**Problem statement:**
Exactly as written, print the lines from the top of the listing through the line containing "Stretchy cotton velour"; include no pictures.

**Information supplied:**

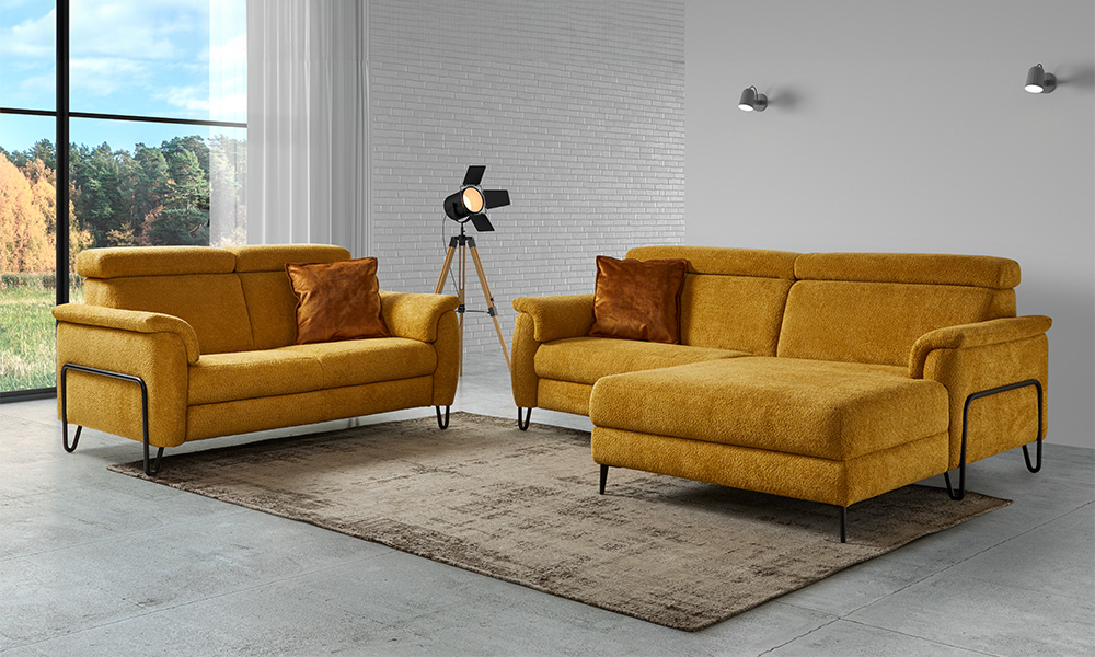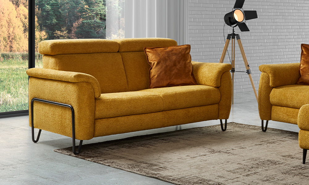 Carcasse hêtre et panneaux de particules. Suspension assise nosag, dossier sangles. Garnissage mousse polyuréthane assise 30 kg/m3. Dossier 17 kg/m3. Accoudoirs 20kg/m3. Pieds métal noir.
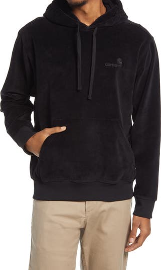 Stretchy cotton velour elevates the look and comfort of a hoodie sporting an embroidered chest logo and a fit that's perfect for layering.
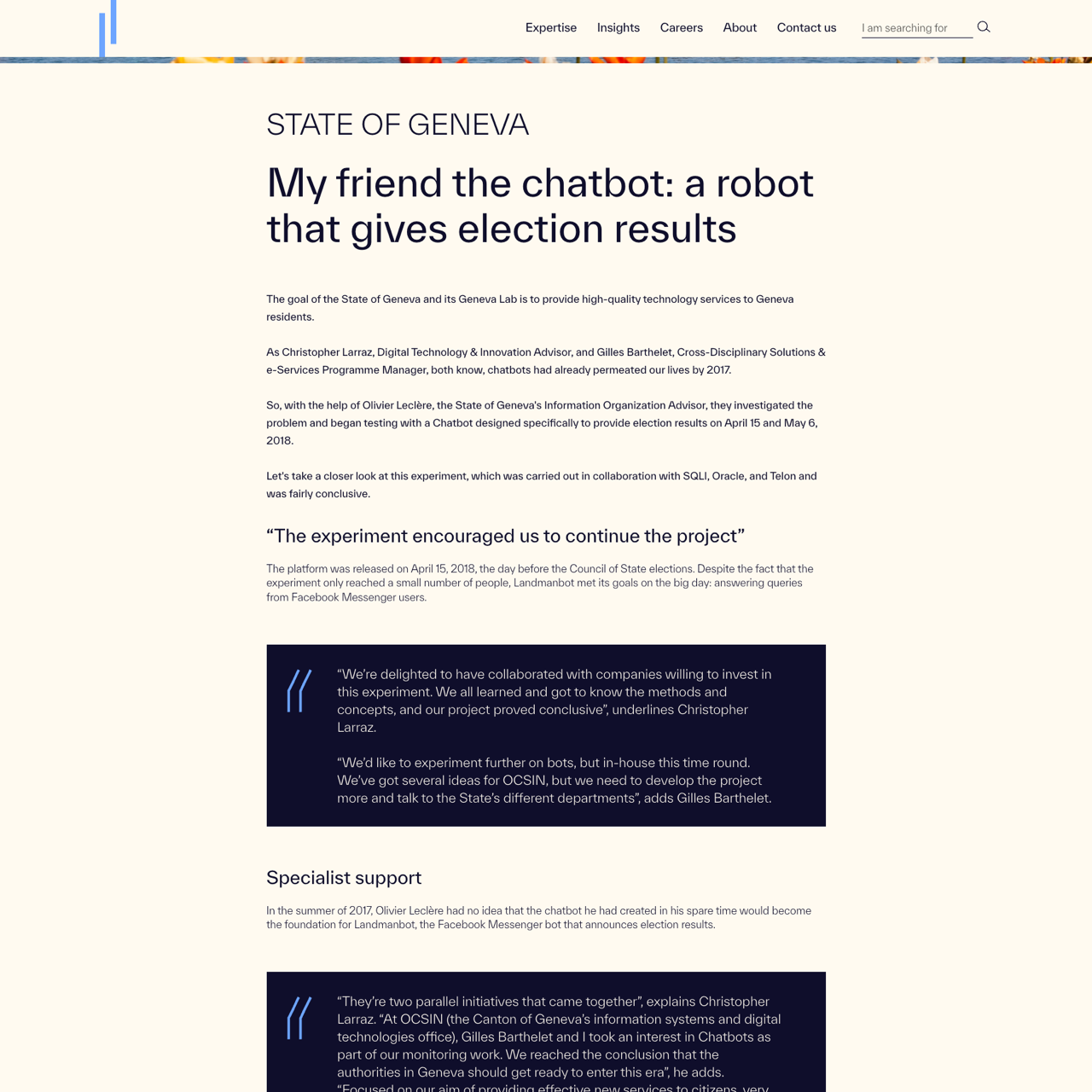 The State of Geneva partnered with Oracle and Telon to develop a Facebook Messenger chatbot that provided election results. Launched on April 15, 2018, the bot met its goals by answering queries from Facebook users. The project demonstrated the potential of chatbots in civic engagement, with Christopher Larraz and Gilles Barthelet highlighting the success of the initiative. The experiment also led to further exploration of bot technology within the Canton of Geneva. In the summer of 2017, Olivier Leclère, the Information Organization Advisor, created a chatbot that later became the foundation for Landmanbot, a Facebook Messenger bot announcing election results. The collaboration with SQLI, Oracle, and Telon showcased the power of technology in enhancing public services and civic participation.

**Answer box:**
 Carcasse hêtre et panneaux de particules. Suspension assise nosag, dossier sangles. Garnissage mousse polyuréthane assise 30 kg/m3. Dossier 17 kg/m3. Accoudoirs 20kg/m3. Pieds métal noir.
 Stretchy cotton velour elevates the look and comfort of a hoodie sporting an embroidered chest logo and a fit that's perfect for layering.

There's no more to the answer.